Decker R S, Mohrenweiser H W
Mol Cell Biochem. 1986 Jun;71(1):31-44. doi: 10.1007/BF00219326.
Proliferating cells derived from hominoid species contain electrophoretically separable forms of triosephosphate isomerase (TPI), including a constitutive isozyme and major and minor cell proliferation specific isozymes. Genetic studies have shown that the constitutive and inducible isozymes are products of the same structural gene. A procedure has been developed for the rapid isolation of the constitutive and major proliferation specific TPI isozymes from human lymphoblastoid B cells. [35S]methionine labeled isozymes were purified through several steps of polyacrylamide gel electrophoresis in sufficient quantities for turnover studies and preliminary structural analysis. The intact isozymes were subjected to 23 steps of automated Edman degradation; both preparations yield a [35S] PTH-methionine only at cycle 14, as expected if the protein is TPI. Neither isozyme contains a blocked NH2-terminus and length heterogeneity at the amino terminal does not exist. A comparison of the two purified isozymes on 2-D PAGE confirms that the constitutive isozyme consists of only type 1 subunits while the major proliferation specific isozyme is composed of a type 1 subunit and a unique type 2 subunit. The type 1 and type 2 subunits differ by at least four charge units under native, nondenaturing conditions of electrophoresis but do not differ in molecular mass. The difference between the type 1 and type 2 subunits is covalent, as the difference in isoelectric point between the two subunits is stable to both 2% SDS and 8 M urea. The expression of TPI-2 does not correlate with the existence of the labile asparagine residues. Turnover studies indicate that the level of each subunit is regulated by differences in rates of synthesis rather than degradation but a precursor-product relationship between the subunits was not observed. Thus the mechanism for synthesis of TPI-2 must operate either during mRNA processing or nascent peptide synthesis and then only in cells from hominoid species.
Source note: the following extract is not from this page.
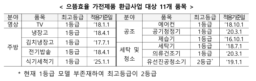 • 2025년 7월 4일 이후 구매한 에너지 소비효율 1등급 가전제품

源自类人猿物种的增殖细胞含有电泳可分离的磷酸丙糖异构酶(TPI)形式,包括一种组成型同工酶以及主要和次要的细胞增殖特异性同工酶。遗传学研究表明,组成型和诱导型同工酶是同一结构基因的产物。现已开发出一种从人淋巴母细胞B细胞中快速分离组成型和主要增殖特异性TPI同工酶的方法。通过聚丙烯酰胺凝胶电泳的几个步骤纯化了[35S]甲硫氨酸标记的同工酶,其数量足以进行周转研究和初步结构分析。完整的同工酶经过23步自动Edman降解;两种制剂仅在第14个循环产生[35S]PTH-甲硫氨酸,正如预期该蛋白为TPI时的情况。两种同工酶均不含有封闭的NH2末端,并且在氨基末端不存在长度异质性。在二维聚丙烯酰胺凝胶电泳上对两种纯化的同工酶进行比较证实,组成型同工酶仅由1型亚基组成,而主要增殖特异性同工酶由1型亚基和独特的2型亚基组成。在天然、非变性电泳条件下,1型和2型亚基的电荷至少相差四个单位,但分子量没有差异。1型和2型亚基之间的差异是共价的,因为两个亚基之间的等电点差异对2%十二烷基硫酸钠和8M尿素均稳定。TPI-2的表达与不稳定天冬酰胺残基的存在无关。周转研究表明,每个亚基的水平是由合成速率而非降解速率的差异调节的,但未观察到亚基之间的前体-产物关系。因此,TPI-2的合成机制必须在mRNA加工或新生肽合成过程中起作用,并且仅在类人猿物种的细胞中起作用。